Problem to work on: Without the images, print all the entries below exactly as given.

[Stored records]
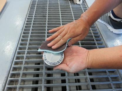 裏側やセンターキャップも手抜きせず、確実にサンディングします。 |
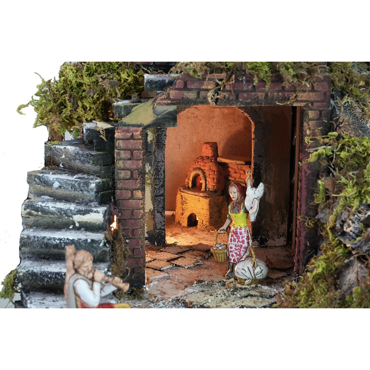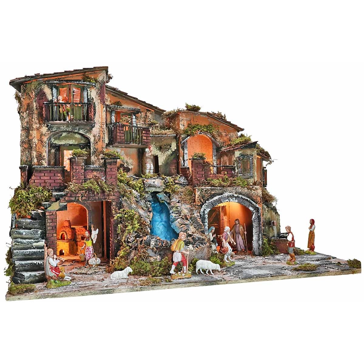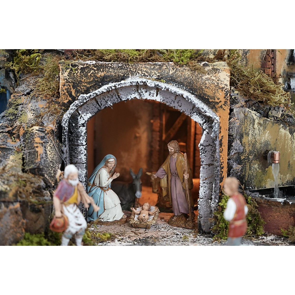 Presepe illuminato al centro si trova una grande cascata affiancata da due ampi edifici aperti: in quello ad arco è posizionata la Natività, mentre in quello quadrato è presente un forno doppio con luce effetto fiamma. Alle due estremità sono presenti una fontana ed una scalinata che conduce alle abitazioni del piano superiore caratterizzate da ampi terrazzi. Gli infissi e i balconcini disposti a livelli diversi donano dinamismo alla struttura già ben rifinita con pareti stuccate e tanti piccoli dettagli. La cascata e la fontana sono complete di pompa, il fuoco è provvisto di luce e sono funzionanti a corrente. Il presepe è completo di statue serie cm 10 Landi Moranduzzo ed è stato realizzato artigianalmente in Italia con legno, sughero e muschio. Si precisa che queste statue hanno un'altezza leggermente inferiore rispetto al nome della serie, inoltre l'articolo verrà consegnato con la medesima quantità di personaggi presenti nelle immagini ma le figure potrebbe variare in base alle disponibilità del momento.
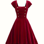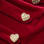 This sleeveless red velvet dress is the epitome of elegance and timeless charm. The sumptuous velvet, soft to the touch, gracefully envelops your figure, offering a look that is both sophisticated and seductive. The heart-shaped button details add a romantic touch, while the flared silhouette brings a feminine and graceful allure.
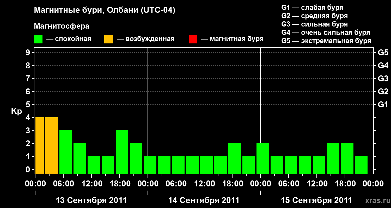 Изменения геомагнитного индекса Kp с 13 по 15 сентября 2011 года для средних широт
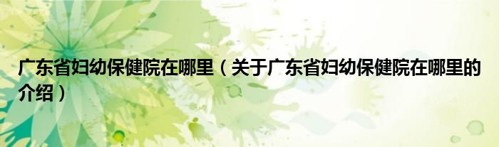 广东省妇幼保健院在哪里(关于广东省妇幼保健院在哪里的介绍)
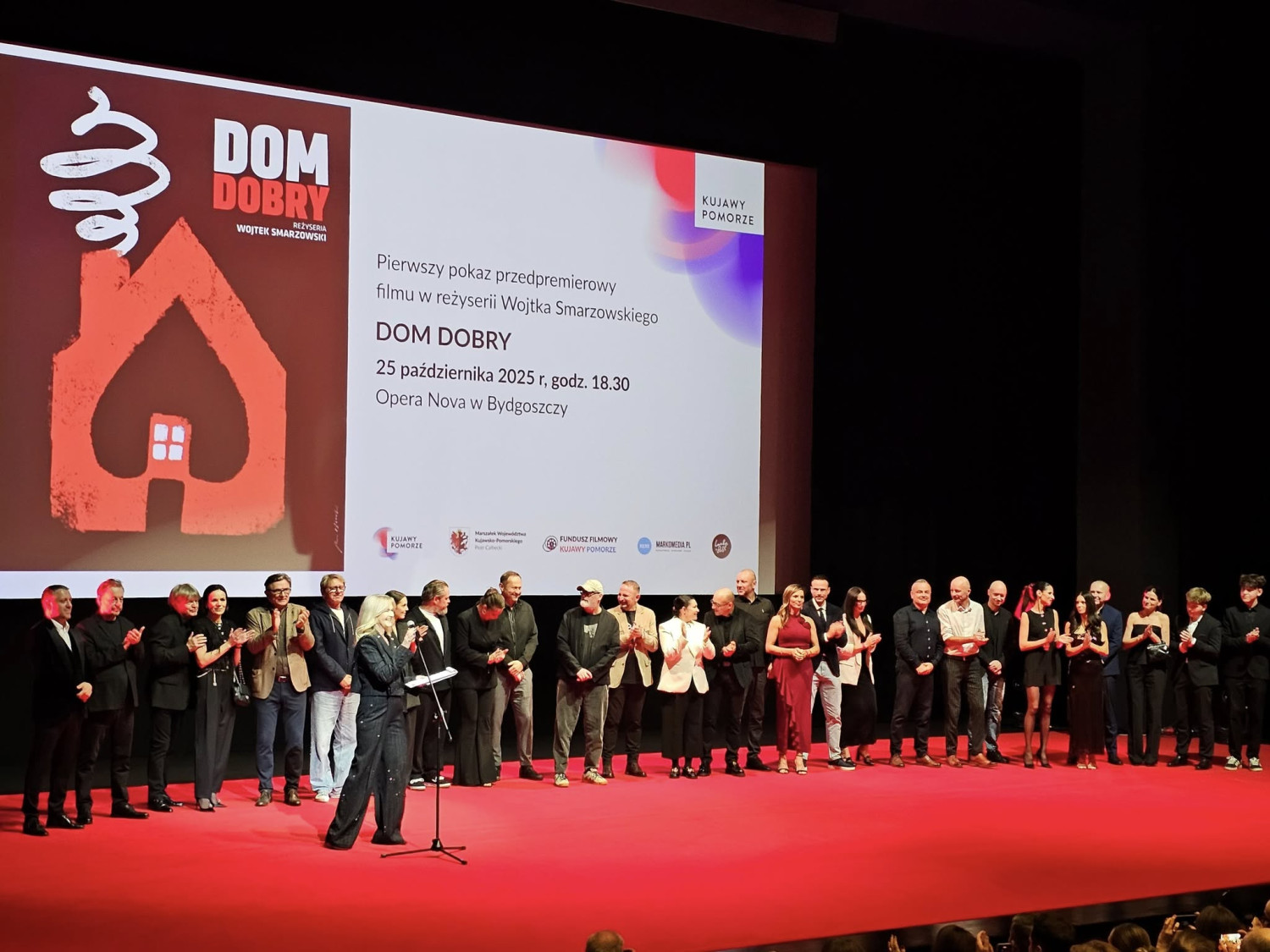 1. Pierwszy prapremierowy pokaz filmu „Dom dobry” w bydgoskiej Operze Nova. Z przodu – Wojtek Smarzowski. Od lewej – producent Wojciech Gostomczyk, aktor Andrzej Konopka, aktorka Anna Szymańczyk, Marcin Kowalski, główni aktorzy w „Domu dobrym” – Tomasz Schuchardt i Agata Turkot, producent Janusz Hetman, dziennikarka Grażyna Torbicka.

Expected answer:
 裏側やセンターキャップも手抜きせず、確実にサンディングします。 |
 Presepe illuminato al centro si trova una grande cascata affiancata da due ampi edifici aperti: in quello ad arco è posizionata la Natività, mentre in quello quadrato è presente un forno doppio con luce effetto fiamma. Alle due estremità sono presenti una fontana ed una scalinata che conduce alle abitazioni del piano superiore caratterizzate da ampi terrazzi. Gli infissi e i balconcini disposti a livelli diversi donano dinamismo alla struttura già ben rifinita con pareti stuccate e tanti piccoli dettagli. La cascata e la fontana sono complete di pompa, il fuoco è provvisto di luce e sono funzionanti a corrente. Il presepe è completo di statue serie cm 10 Landi Moranduzzo ed è stato realizzato artigianalmente in Italia con legno, sughero e muschio. Si precisa che queste statue hanno un'altezza leggermente inferiore rispetto al nome della serie, inoltre l'articolo verrà consegnato con la medesima quantità di personaggi presenti nelle immagini ma le figure potrebbe variare in base alle disponibilità del momento.
 This sleeveless red velvet dress is the epitome of elegance and timeless charm. The sumptuous velvet, soft to the touch, gracefully envelops your figure, offering a look that is both sophisticated and seductive. The heart-shaped button details add a romantic touch, while the flared silhouette brings a feminine and graceful allure.
 Изменения геомагнитного индекса Kp с 13 по 15 сентября 2011 года для средних широт
 广东省妇幼保健院在哪里(关于广东省妇幼保健院在哪里的介绍)
 1. Pierwszy prapremierowy pokaz filmu „Dom dobry” w bydgoskiej Operze Nova. Z przodu – Wojtek Smarzowski. Od lewej – producent Wojciech Gostomczyk, aktor Andrzej Konopka, aktorka Anna Szymańczyk, Marcin Kowalski, główni aktorzy w „Domu dobrym” – Tomasz Schuchardt i Agata Turkot, producent Janusz Hetman, dziennikarka Grażyna Torbicka.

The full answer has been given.